**Data provided:**

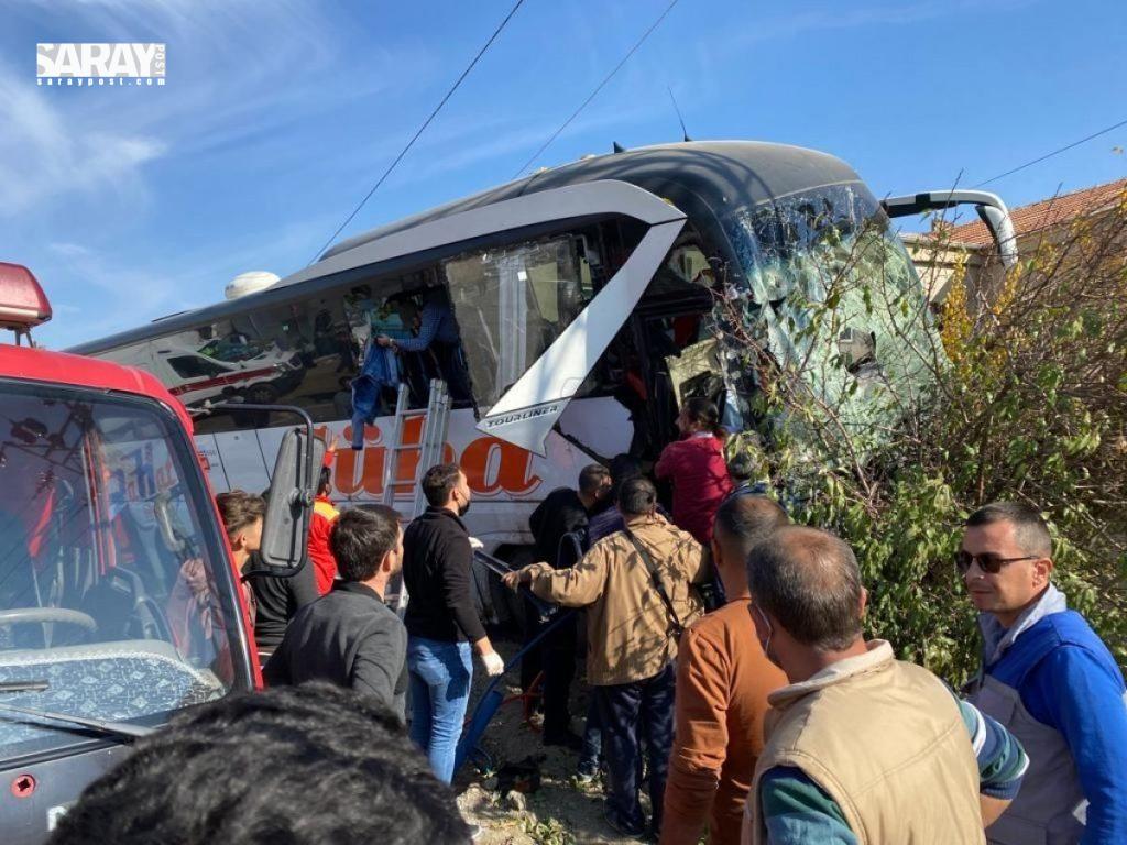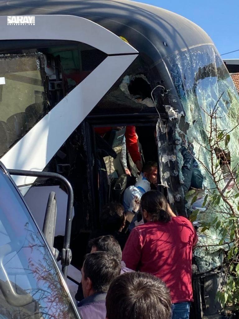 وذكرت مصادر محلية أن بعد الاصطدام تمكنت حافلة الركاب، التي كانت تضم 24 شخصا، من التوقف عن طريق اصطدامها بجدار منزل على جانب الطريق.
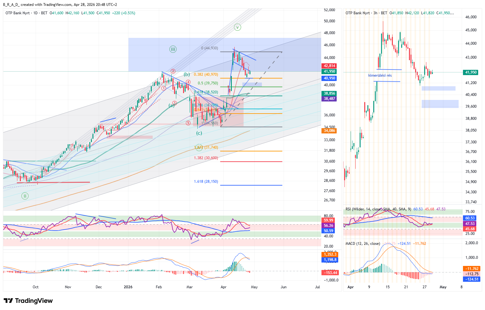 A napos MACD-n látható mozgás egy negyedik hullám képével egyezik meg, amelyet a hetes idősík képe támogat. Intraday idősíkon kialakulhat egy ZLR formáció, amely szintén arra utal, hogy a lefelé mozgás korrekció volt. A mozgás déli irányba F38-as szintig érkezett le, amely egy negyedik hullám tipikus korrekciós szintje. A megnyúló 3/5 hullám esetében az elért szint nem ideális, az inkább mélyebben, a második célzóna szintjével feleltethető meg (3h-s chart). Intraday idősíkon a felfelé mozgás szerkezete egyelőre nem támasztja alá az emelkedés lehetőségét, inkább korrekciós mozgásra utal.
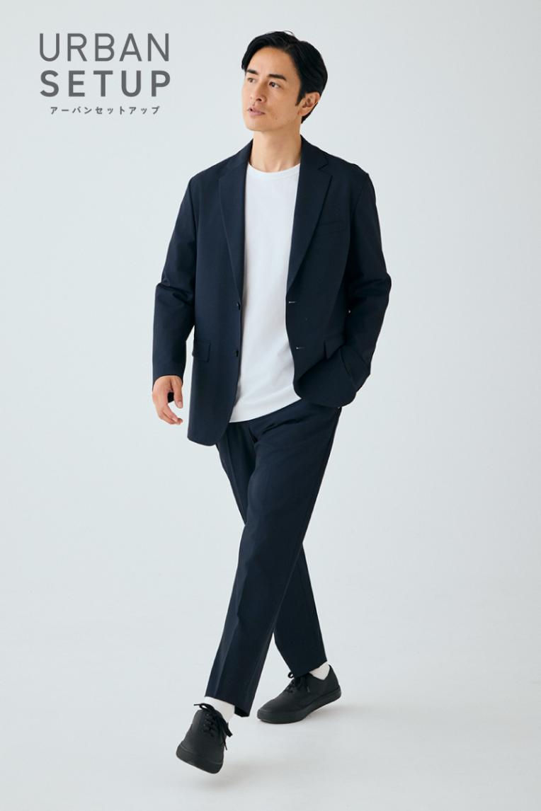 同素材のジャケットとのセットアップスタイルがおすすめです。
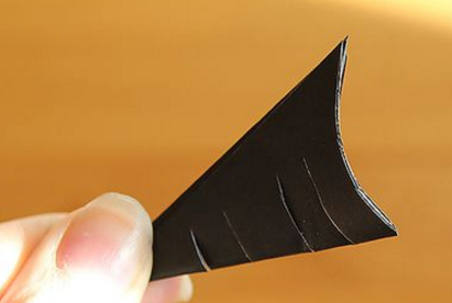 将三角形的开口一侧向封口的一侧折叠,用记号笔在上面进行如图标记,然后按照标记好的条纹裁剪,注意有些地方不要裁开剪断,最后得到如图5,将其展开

**Task statement:**
Every line from the start of the material through the line holding "A napos MACD-n" must be returned exactly, and the pictures must not.

**Solution below:**
 وذكرت مصادر محلية أن بعد الاصطدام تمكنت حافلة الركاب، التي كانت تضم 24 شخصا، من التوقف عن طريق اصطدامها بجدار منزل على جانب الطريق.
 A napos MACD-n látható mozgás egy negyedik hullám képével egyezik meg, amelyet a hetes idősík képe támogat. Intraday idősíkon kialakulhat egy ZLR formáció, amely szintén arra utal, hogy a lefelé mozgás korrekció volt. A mozgás déli irányba F38-as szintig érkezett le, amely egy negyedik hullám tipikus korrekciós szintje. A megnyúló 3/5 hullám esetében az elért szint nem ideális, az inkább mélyebben, a második célzóna szintjével feleltethető meg (3h-s chart). Intraday idősíkon a felfelé mozgás szerkezete egyelőre nem támasztja alá az emelkedés lehetőségét, inkább korrekciós mozgásra utal.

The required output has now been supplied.